Of course, that hasn't stopped them from selling the Baby Plus. They cost $149 each. This year, the company plans to sell 20,000 of them.

And Baby Plus is just one of a growing number of products making similar claims, trying to cash in on parents who are interested in fetal development.

'I Think He's Dancing!'

Katherine Kranenburg is a middle-class mom in Washington who, like every mom, wants to give her kids every advantage. She has a 2-year-old, Kennedy. And Kennedy's little brother -- not yet born -- already has a teddy bear that plays the sound of a mother's heartbeat.

"We just got it today," said Kranenburg. "We got the latest high chair. Kind of the Jetsons of highchairs."

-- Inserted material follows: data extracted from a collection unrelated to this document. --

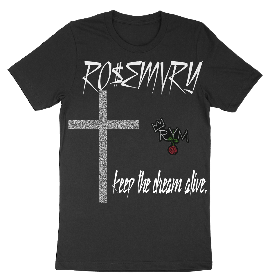 Keep the dream alive. RYM patch. Silver cross. Black t-shirt.
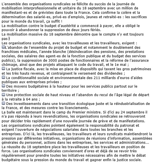 Communiqué commun CFDT, CGT, FO, CFE-CGC, CFCT, UNSA, FSU, Solidaires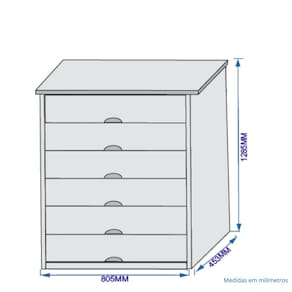 Características: 6 Gavetas Corrediças telescópicas Estrutura em MDF/MDP 15 e 25mm Fundos em HDF 3mm Gavetas suportam 5kg Tampo suporta 20kg Possui sapatas em L Puxadores embutidos
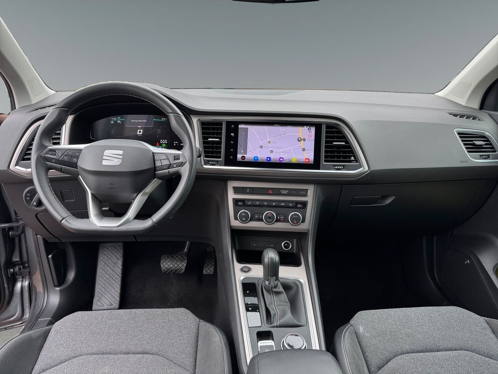 3. Bremsleuchte, Ablagetasche an Vordersitzlehnen, Airbag Beifahrerseite abschaltbar, Airbag Fahrer-/Beifahrerseite, Antriebs-Schlupfregelung (ASR), Außenspiegel elektr. verstell-, heiz- und anklappbar mit Spiegelabsenkung, Außenspiegel Wagenfarbe, Blinkleuchten LED in Außenspiegel integriert, Bluetooth-Schnittstelle mit Freisprecheinrichtung integriert, Bordcomputer, Brillenfach, Design-Paket Exterieur, silber, Doppeltonhorn, Einparkhilfe hinten, Einstiegsleisten beleuchtet, Elektron. Querdifferentialsperre (XDS), Fahrassistenz-System: Berganfahr-Assistent (Hill-Holder), Fahrassistenz-System: Fahrprofilauswahl (SEAT Drive Profile), Fahrassistenz-System: Müdigkeitserkennung, Fahrassistenz-System: Spurhalteassistent, Fahrassistenz-System: Umfeldbeobachtungssystem (Front assist) mit City-Notbremsfunktion, Fahrassistenz-System: Verkehrszeichenerkennung, Fensterheber elektrisch vorn + hinten mit Komfortschaltung, Gepäckraumabdeckung / Rollo, Handschuhfach beleuchtet, Heckleuchten LED mit dynamischem Blinklicht, Innenraumlicht-Paket LED, Isofix-Aufnahmen für Kindersitz, Karosserie: 5-türig, Klimaanlage Climatronic 2-Zonen, Knieairbag Fahrerseite, Kofferraumbeleuchtung, Kombiinstrument digital (virtual cockpit), Kopf-Airbag-System, Lendenwirbelstütze Sitz vorn links, verstellbar, Lendenwirbelstütze Sitz vorn rechts, verstellbar, Licht- und Sicht-Paket, LM-Felgen, Mittelarmlehne hinten, Mittelkonsole vorn mit Mittelarmlehne, Becherhalter, Ablagebox und Luftdüsen hinten, Modellpflege, Motor 1,5 Ltr. - 110 kW 16V TSI ACT, Nebelscheinwerfer LED mit Abbiegelicht, Notrufsystem, Otto-Partikelfilter (OPF), Parkbremse elektrisch mit Auto-Hold-Funktion, Radstand 2638 mm, Reifen-Reparaturset, Reifenkontroll-Anzeige, Rückfahrkamera, Rücksitzlehne geteilt/klappbar (1/3-2/3), Schadstoffarm nach Abgasnorm Euro 6e, Schalt-/Wählhebelgriff Leder, Scheinwerfer Voll-LED, Schließ-/Startsystem Kessy, SEAT Media-System Plus, Seitenairbag, Seitenscheiben hinten und Heckscheibe abgedunkelt, Sitz vorn links höhenverstellbar, Sitz vorn rechts höhenverstellbar, Sitzbezug / Polsterung: Stoff, Sonnenblende links mit Spiegel (beleuchtet), Sonnenblende rechts mit Spiegel (beleuchtet), Start/Stop-Anlage, Stau-/Ablagefach unter Sitz vorn links, Steckdose (12V-Anschluß) vorn, USB-Ladeanschlüsse (2-fach, Typ C) für 2.Sitzreihe, Verzurrösen Koffer-/Laderaum, Wärmeschutzverglasung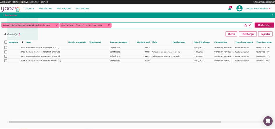 Pour obtenir la liste des factures payées et générer un bordereau de virement, il est nécessaire d’effectuer une recherche dans Yooz en utilisant les informations d’export (date et heure) présentes dans le nom du fichier ZIP d’export SEPA.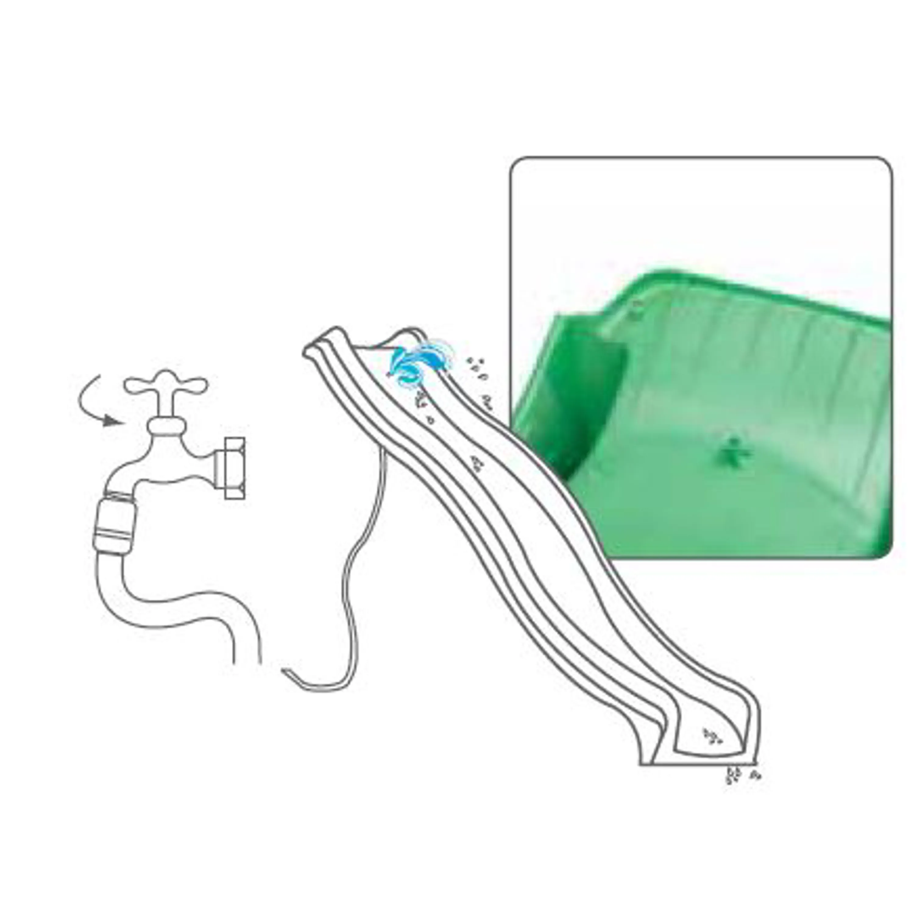 Kvalitní dětská skluzavka s přípojkou na vodu je vyrobena z pevného plastu. Přídavnou skluzavku lze umístit k většině dětských hřišť s nástupní výškou 150 cm.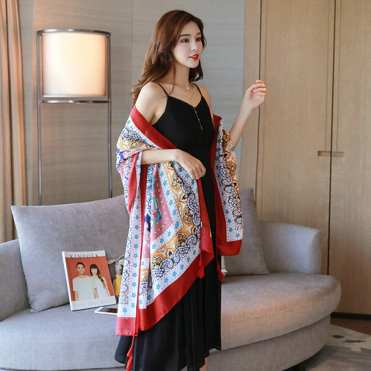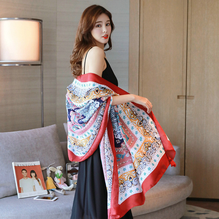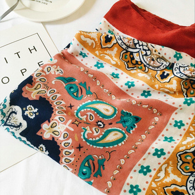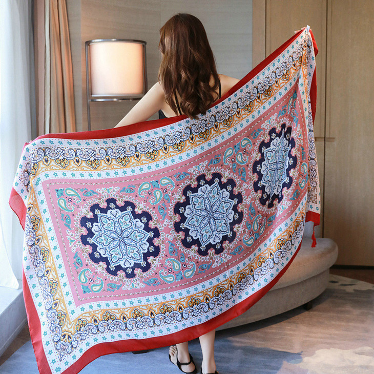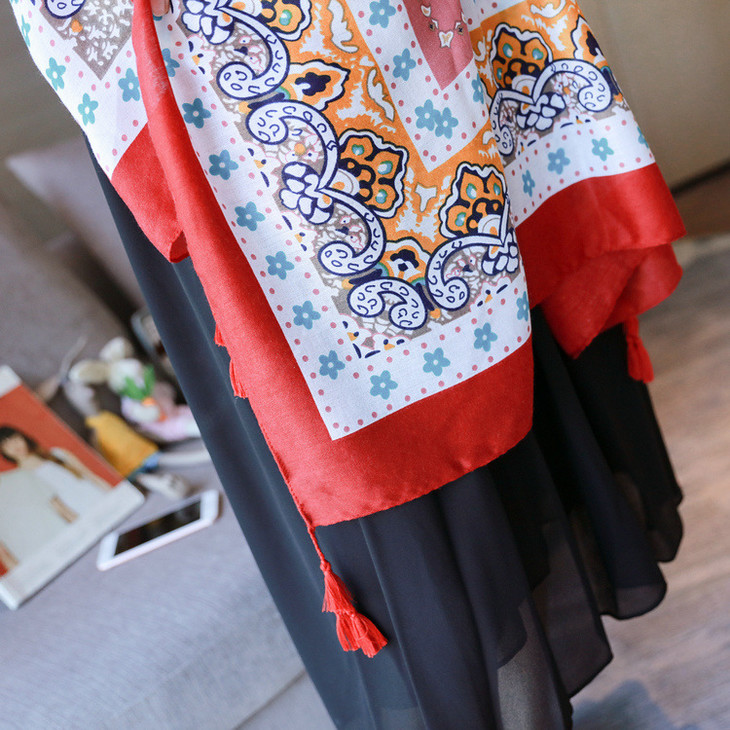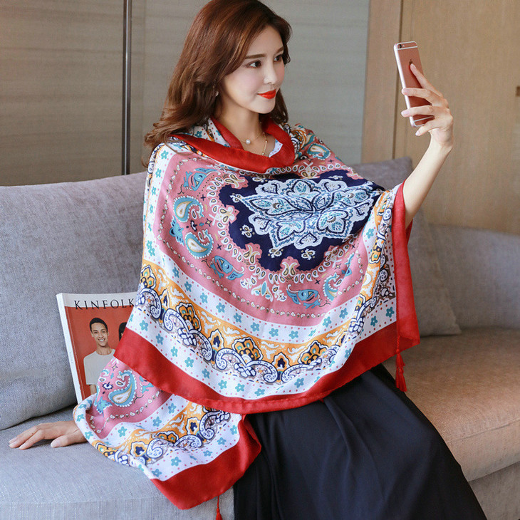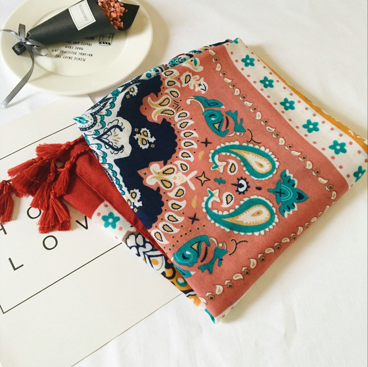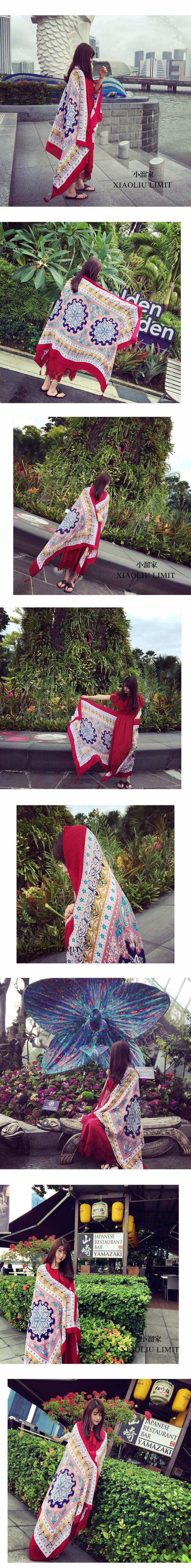 【服饰鞋包】春夏季图腾民族风围巾棉麻披肩两用女加大空调防晒纱巾女QK128

Kranenburg said she also does prenatal yoga. And she agreed to try out another brainy baby product, made in Israel, called the Ritmo. It hooks up to your iPod, so that mom can play tunes right into her belly.

Kranenburg played Bob Marley. And sure enough, the fetus responded.

"He's responding by kicking," she said. "I think he's dancing! ... He's kicking. I think he's like, 'What's this? This is kinda fun!'"

But our expert at Johns Hopkins was dubious about the Ritmo, too, because, she says, all that fluid in the mother's belly doesn't muffle the sound -- it amplifies it.

"Which is counterintuitive to most people," DiPietro said. "Because as it goes through the amniotic fluid, the sound gets more intense, not less intense. So when you take these devices and you put them on your abdomen, you're blasting sound at the ear. ... You're taping their head to the speaker. It's akin to taking your sleeping newborn -- because fetuses are mostly asleep -- and putting speakers right next to their crib and blasting Mozart while they're asleep. ... Who would do that?"

DiPietro says it isn't just that these products won't help make your baby brainier. She worries they could actually cause harm.

The manufacturers insist they are safe.

Ritmo's manufacturer says its device "works through a sophisticated controller to regulate the output of sound to a level safe for a baby in-utero."

But it may surprise expecting mothers to learn that you have to take their word for it. The government does not require them to meet any special product safety standards.